Onto my question, why is all matter* (anything that takes up space and has mass) in the universe, not found at its lowest state of potential energy? Now, I warn you, there will be many related sub-questions throughout this post.

In the past, people have answered this question by saying that matter that is already at a higher potential energy state can be trapped there due to 'barriers', analogous (I imagine) to a table carrying an object, preventing it from falling. Firstly, this does not answer my question, which is more concerned with why the object got on the table in the first place, more on this is below.

Secondly, the next sub-questions follow: how does some matter prevent other matter from reaching a lower potential energy state? What distinguished the matter being prevented from reaching a lower potential energy state, from the matter preventing it? Side note: it would be nice to know the formal name for these 'barriers' or 'preventative matter'. Does the matter preventing the other matter from reaching a lower potential energy state, exchange energy with the matter it is 'blocking'?

My thinking: theoretically, if some matter loses energy (it will go to a lower potential energy state), other matter will absorb this energy (it will go to a higher potential energy state). Which makes me wonder, why does/did matter exchange energy whatsoever? Such energy transfer, would lead to some matter going to a higher potential energy state and other matter going to a lower potential energy state? Why is all the energy in the universe not evenly dispersed between matter? Why does energy transfer or more generally, energy exist? What is 'energy'?

How can some matter decide to exert energy? For example, when an organism decides to lift its limb against gravity.

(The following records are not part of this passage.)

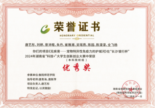 2.“长沙银行杯”2024年湖南省“科技+”大学生创新创业大赛优秀奖
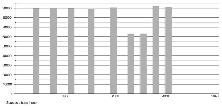 - Population municipale légale en vigueur au 1er janvier 2024, millésimée 2021, définie dans les limites territoriales en vigueur au 1er janvier 2023, date de référence statistique : 1er janvier 2021.
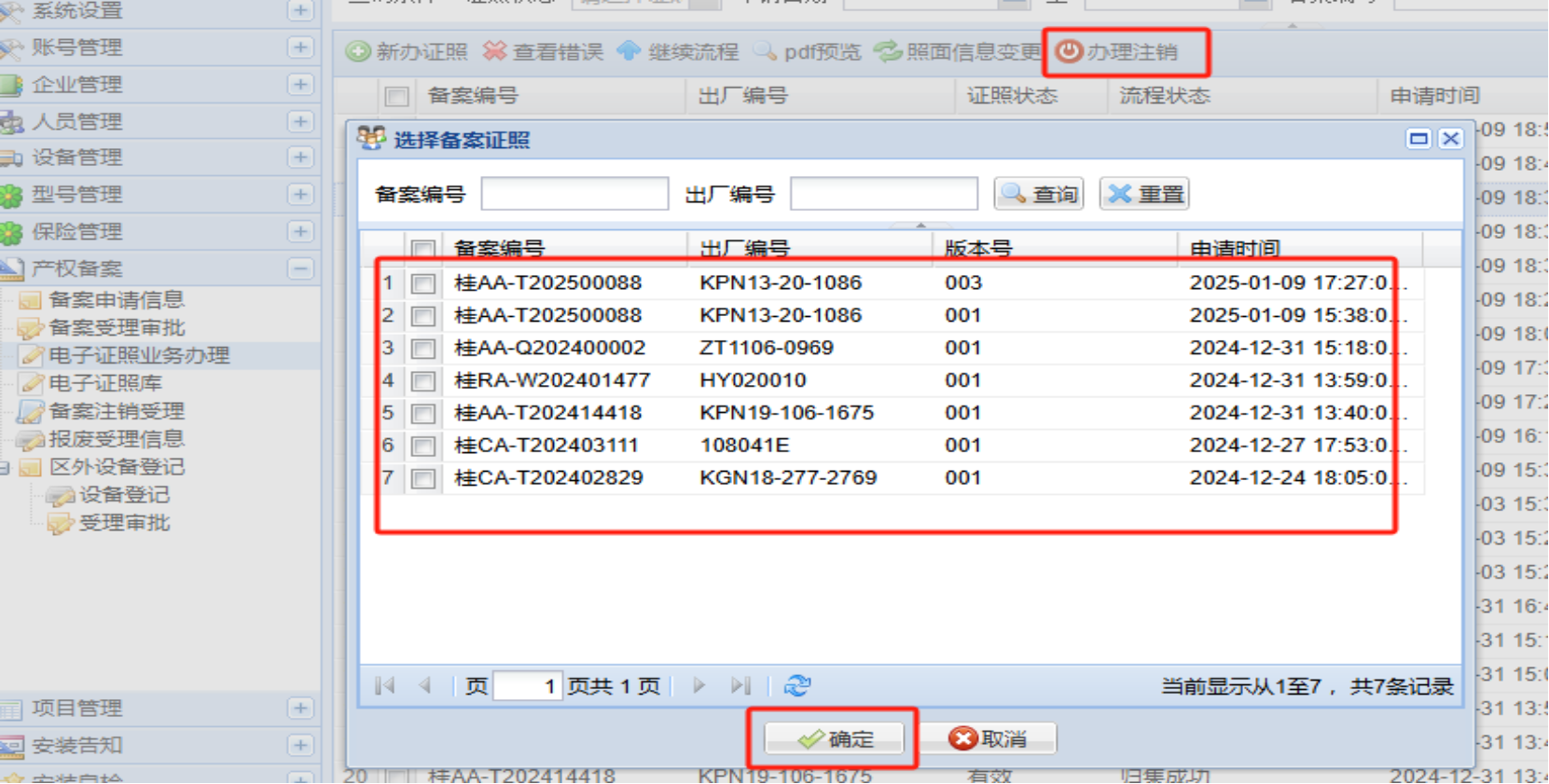 点击“办理注销”,系统自动查询出当前“有效”的所有证照,选择其中一份,点击确定。(注意:设备应先走完“备案注销”流程,才能申请办理注销)
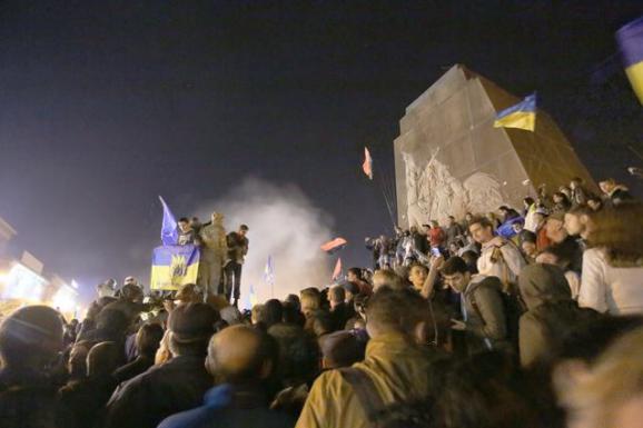 Ультрас запалили фаєри і димові шашки. Навколо поваленого Леніна зібралися кілька тисяч людей, які святкували цю подію.
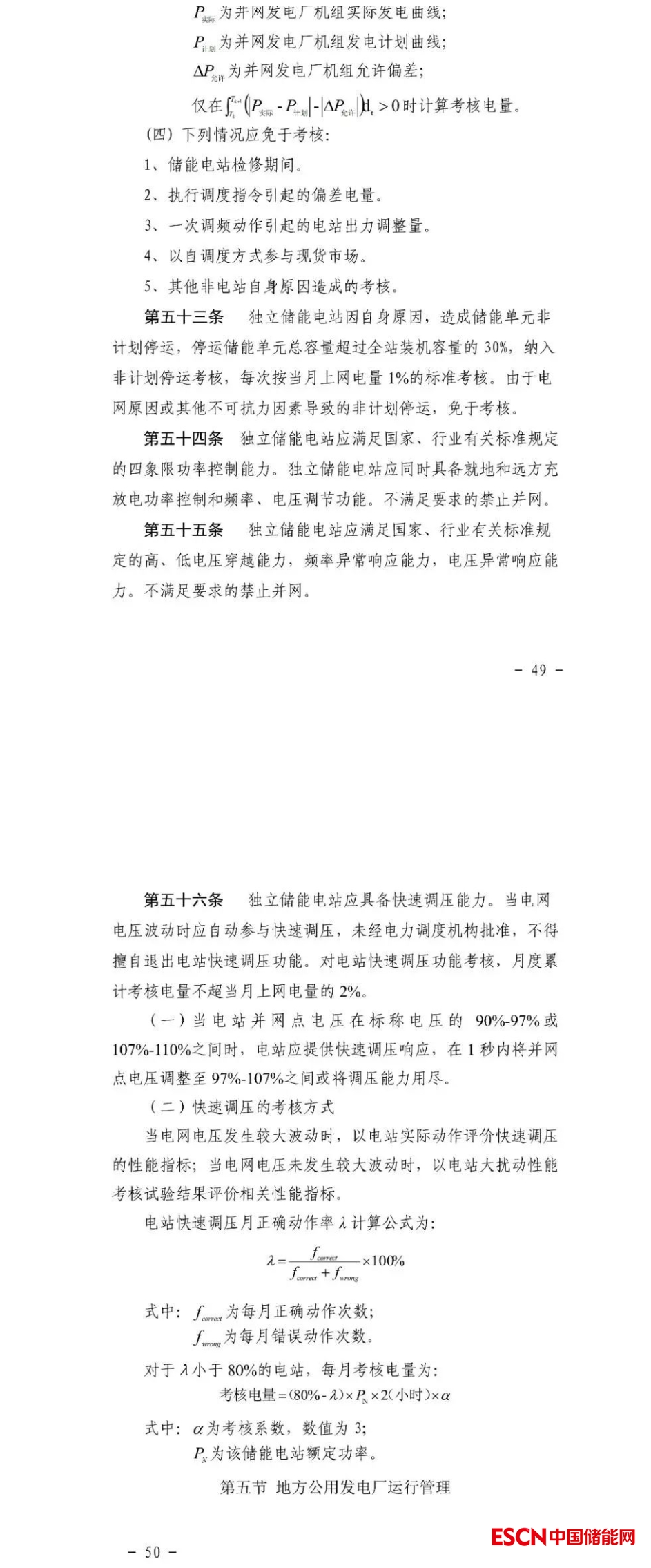 獨(dú)立儲(chǔ)能電站應(yīng)具備一次調(diào)頻功能,并保持一次調(diào)頻功能投入,一次調(diào)頻投/退信號(hào)應(yīng)接入電力調(diào)度機(jī)構(gòu)。獨(dú)立儲(chǔ)能電站一次調(diào)頻的死區(qū)、調(diào)節(jié)容量、調(diào)節(jié)速率、調(diào)節(jié)精度、響應(yīng)時(shí)間等性能指標(biāo)應(yīng)滿(mǎn)足國(guó)家標(biāo)準(zhǔn)要求。當(dāng)電網(wǎng)頻率波動(dòng)時(shí)應(yīng)自動(dòng)參與一次調(diào)頻,未經(jīng)電力調(diào)度機(jī)構(gòu)批準(zhǔn),不得擅自退出一次調(diào)頻功能。對(duì)獨(dú)立儲(chǔ)能電站一次調(diào)頻的可用率和性能進(jìn)行考核,月度累計(jì)考核電量不超當(dāng)月上網(wǎng)電量1%。

As you can imagine, these questions cause me immense confusion in the context of understanding Biological phenomena at any scale, including at the scales of Chemistry and Physics (especially since these subject are essentially one whole, as the distinctions between these subjects are arbitrary). My confusion is exacerbated by the alleged fact that Biological matter is found at a higher potential energy state compared to 'non-living' matter, why is this the case?

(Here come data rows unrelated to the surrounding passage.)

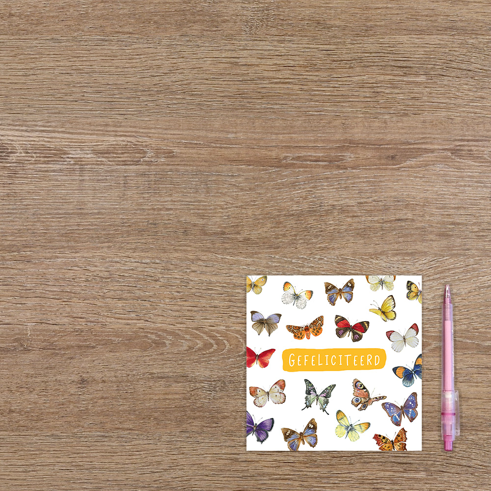 De wenskaart heeft een afmeting van x en een vierkante vorm. Op deze wenskaart staan vlinders in de kleuren paars, geel, rood, oranje, wit, blauw, en bruin. In het midden staat de tekst: "Gefliciteerd". De binnenzijde van de wenskaart is blanco wat voldoende ruimte geeft om een persoonlijke boodschap te schrijven .
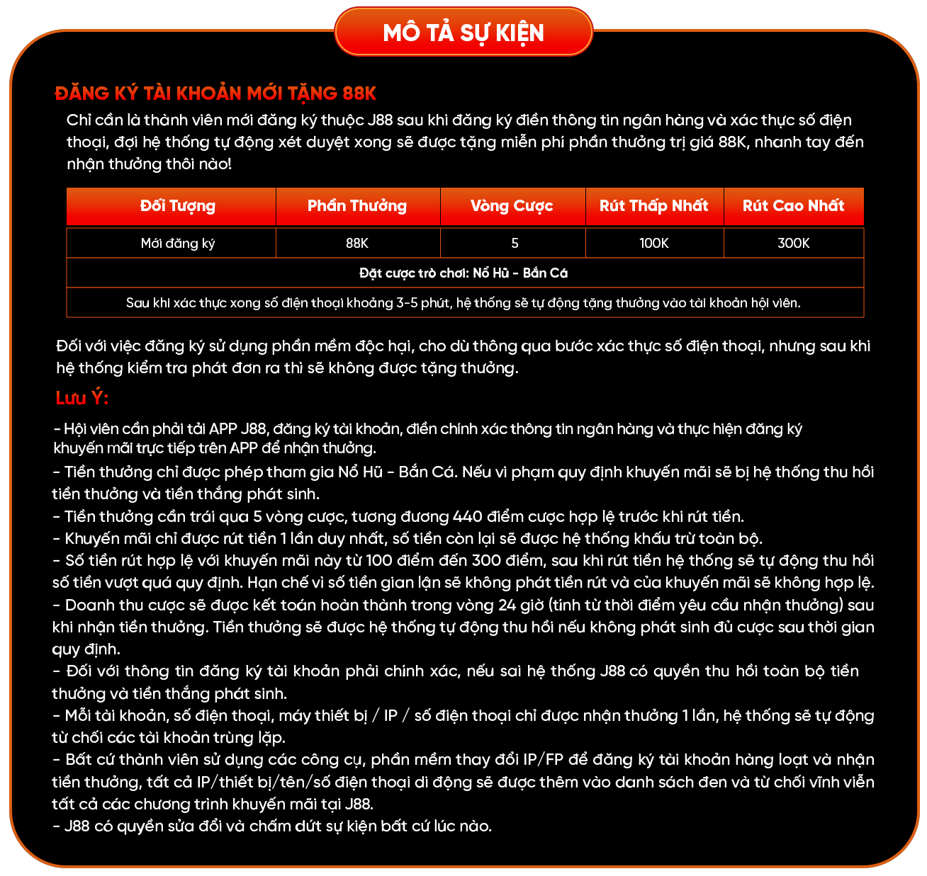 Hội viên cần phải tải APP J88, đăng ký tài khoản, điền chính xác thông tin ngân hàng và thực hiện đăng ký khuyến mãi VIP88K trực tiếp trên APP để nhận thưởng
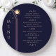 Mystical Rainbow Dark Navy Blue Sun Moon Stars Space Cosmic Astronomy Celestial Wedding Menu Cards features simple golden stars on a dark navy blue background with your menu details in the center in modern peach calligraphy script. Personalize by editing the text in the text boxes provided. Designed by ©2024 Evco Studio www.zazzle.com/store/evcostudio
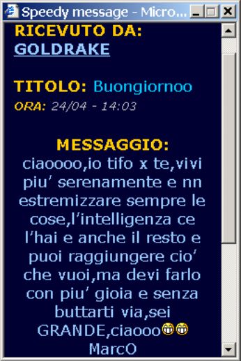 Sei l’unico ke mi ha fatto volare solo con uno sguardo, una parola! Ke mi ha fatto assaggiare le emozioni più sincere! L’unico ke è riuscito a farmi credere in quello in cui nn credevo più!
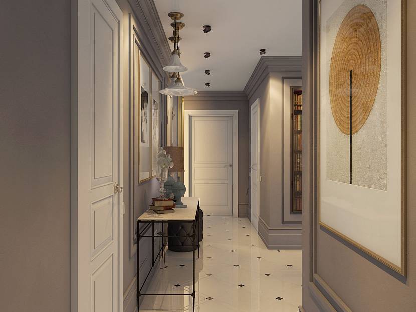 Резьба, колонны и лепнина помогут дополнить однотонное оформление. Также, в качестве декора можно использовать натуральные материалы, зеркала, роскошные настенные светильники, которые будут сочетаться с основными осветительными приборами в коридоре.

My following 'philosophical thoughts' (if you can call them that), it is probably more useful to see them as an insight into my way of thinking, add to my own confusion (these questions may arise from my critical lack of understanding of the fundamental concepts of knowledge, science and physics) or maybe they highlight gaps in human understanding (which I do not claim or believe they do).

Philosophy: I must admit that I do not what mass is exactly (relevant because my question is to do with matter*), because I have not studied physics and partly because I believe, like all definitions, words and concepts (abstract ideas), 'mass' is arbitrary (here I define arbitrary as: anything resulting from personal choice). It seems logical to me, that the distinctions humans and all other living organisms make between any two things (by using the word 'things', I am implying distinction exists outside of consciousness), must be a product of personal choice. In other words, we (i.e., humans and other living organisms. Side note: this is itself a distinction that does not necessarily exist outside of our consciousness, I for one, personally, do not see a reasonable distinction between living organisms) make distinctions between 'things', which we arbitrarily define (perhaps for an evolutionarily advantageous reason), the 'universe' excluding living organisms, does not. However, under my 'logical' reasoning, if the distinction between 'life' and 'non-life' is also arbitrary, (we can be seen as a part of the universe, or indifferent from the universe, either way, our consciousness is a part of the universe, or is the universe, and thus, our concepts, definitions and words do exist in the universe, as do the concepts, definitions and words of other individuals and living organisms) then all of these possible arbitrary distinctions exist in the universe.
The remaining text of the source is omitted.